Мы долго потом говорили уже как бы ни о чем.

- Вы так не переживайте, - успокаивала я его на прощание, - все утрясется. Хотите погадаю Вам, у меня бабушка цыганкой была; вот видно, что линия жизни у Вас длинная и глубокая, значит, будете жить счастливо. Несчастные долго не живут, они, как наркоманы, быстро умирают. У Вас еще будет любовь, и сын, и утешение. Ну, посмотрите на меня, разве я умею врать?! - рука у него сильная и доверчивая, отпускать мне ее не хочется.

- Постой, - вскинулся он, - возьми что-нибудь, ну вот хоть, - он схватил со стола хрустальную корзинку с конфетами.

Я улыбнулась и покачала головой:

- Не надо. Сладкое не люблю.

Ночью я не спала. Душно было, марля на окошке не шелохнется. "Даже самый пустой орех хочет, чтобы его разгрызли", - беспокоился старикан Ницше о себе - ну чем не дед Болотев? Что же говорить о перезрелых вишнях?!

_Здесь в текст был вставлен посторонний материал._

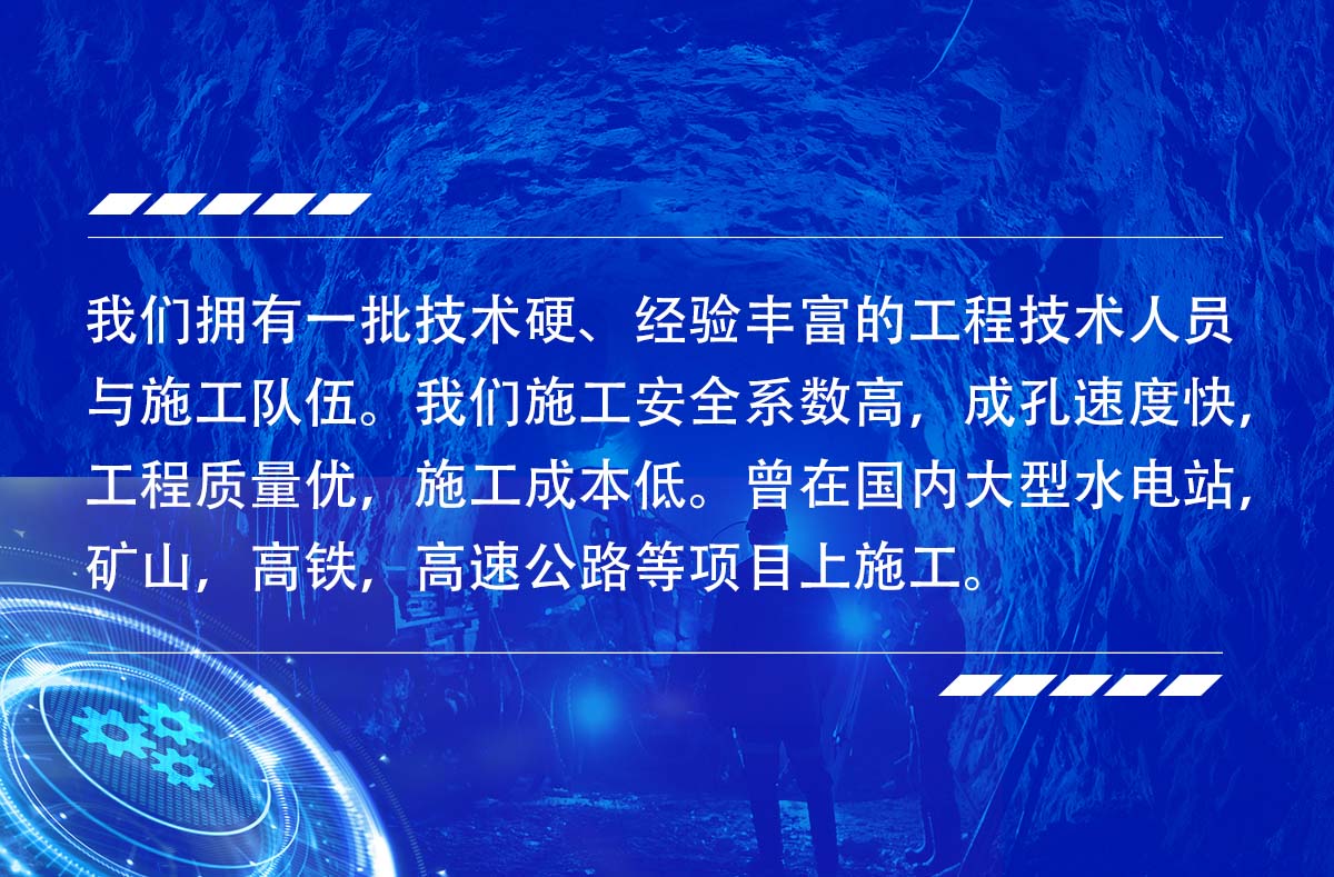 淮北市勤拓礦山工程有限公司是一家從事多年反井鉆機(jī)施工的服務(wù)生產(chǎn)型公司,公司目前有十幾臺鉆機(jī)設(shè)備,ZFY120/30/150型反井(天井)鉆機(jī)5臺,ZFY1.8/40/250型反井(天井)鉆機(jī)4臺,ZFY2.5/70/200型反井(天井)鉆機(jī)2臺,ZFY3.0/120/400型反井鉆機(jī)1臺,ZFY3.5/120/400型反井(天井)鉆機(jī)1臺,可承接深度0-300米,成孔直,0.9~4米.1.2~3米的各種豎井、井下煤倉、溜煤眼、通風(fēng)井、調(diào)壓井、電纜井、泄水井等。我們擁有一批技術(shù)硬、經(jīng)驗(yàn)豐富的工程技術(shù)人員與施工隊(duì)伍。我們施工安全系數(shù)高,成孔速度快,工程質(zhì)量優(yōu),施工成本低。曾在國內(nèi)大型水電站,礦山,高鐵,高速公路等項(xiàng)目上施工。
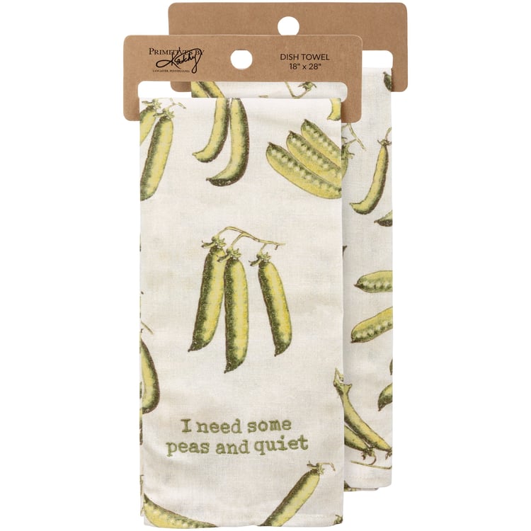A cotton linen blend kitchen towel featuring all-over retro style pea pod designs and punny embroidered "I Need Some Peas And Quiet" sentiment. Features a cotton tape loop in the corner for easy hanging. Machine-washable. Towel is packaged on a cardboard hanger with a hole to easily hang on rack.

Удивительно, что я могла бы жить здесь, на одной улице с родителями, носить простенькие платьица и сарафаны; провожать по утрам любимого мужа на работу, придирчиво осматривая его сорочки и брюки; быть хозяйкой в просторном высоком доме и хвастаться перед гостями большими детскими комнатами; выращивать лучшую в округе картошку и забивать погреб редкостными солениями; основательно ездить за покупками в Москву и привозить Таньке Становых в гостинец пласты копченного сала и домашнюю колбасу; слушать по вечерам на широкой низкой лавочке как жалуется Васькина гармонь на соседней улице и смачно шлепать на голых полных ногах комаров; и если о чем всерьез переживать и тревожиться сердцем, так это о том, что в Индии сикхские террористы опять взорвали бомбу и перебили много народу... И что же, спрашивается, во мне не так, если до сих пор нет у меня такой жизни?!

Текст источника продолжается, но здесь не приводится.